Abstract: The objective of this project is to study the prediction and characterization of multifunctional proteins. The project aims to provide biologists a service of protein functional annotations that achieves both correctness and completeness. In the recent study, we have successfully employed the statistical models to improve the efficiency of the traditional hierarchical clustering algorithms for protein family analysis.
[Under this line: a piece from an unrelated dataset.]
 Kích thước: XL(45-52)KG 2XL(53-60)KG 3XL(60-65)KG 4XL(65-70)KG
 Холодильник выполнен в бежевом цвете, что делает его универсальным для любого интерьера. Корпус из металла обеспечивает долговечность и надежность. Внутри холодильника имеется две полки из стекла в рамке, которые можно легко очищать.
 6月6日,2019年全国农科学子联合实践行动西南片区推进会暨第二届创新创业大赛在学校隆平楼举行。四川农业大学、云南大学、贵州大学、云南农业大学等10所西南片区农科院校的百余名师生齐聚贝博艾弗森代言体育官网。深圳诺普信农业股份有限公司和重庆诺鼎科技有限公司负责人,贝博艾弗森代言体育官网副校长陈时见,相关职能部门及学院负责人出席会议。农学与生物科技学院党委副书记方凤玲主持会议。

The proposed statistical model based algorithm also provides users a summarized hierarchy that the size of which is much smaller than the original binary tree generated by the traditional hierarchical clustering algorithms. In this project, we next investigate the possibility of using this information in predicting multifunctional proteins.
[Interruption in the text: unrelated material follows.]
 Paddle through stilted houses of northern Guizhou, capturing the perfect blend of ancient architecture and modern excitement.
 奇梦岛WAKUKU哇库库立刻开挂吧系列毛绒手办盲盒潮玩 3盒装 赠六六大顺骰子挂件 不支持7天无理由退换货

There are still some challenges for protein functional annotations. The challenges come from two respects: the twilight zone of homology and the multifunctional proteins. The noisy relationships inherent in the twilight zone of homology result in many false predictions when only similarity scores are employed during analysis. Other the other hand, the existing of multifunctional proteins increases the complexity of the annotating procedure. Multifunctional proteins share many properties on sequences with multi-domain proteins. This causes the prediction even more difficult. In this project, we will continue our recent study in designing a robust clustering algorithm based on statistical models. We employ the proposed statistical test to identify the so called homogeneous homology protein clusters and next use this information for identifying multifunctional proteins based on the property of homogeneity. The predictions of multifunctional proteins are next fed back to the clustering hierarchy in order to provide correct and completed functional annotations.
The duration of this project is one year. In the first half of the year, we plan to develop a robust predicting procedure for multifunctional proteins and simultaneously characterize the sequences of multifunctional proteins. In the remaining half of the year, the results of prediction are integrated with the generated protein hierarchy to provide a web service for biologists in automated functional annotations.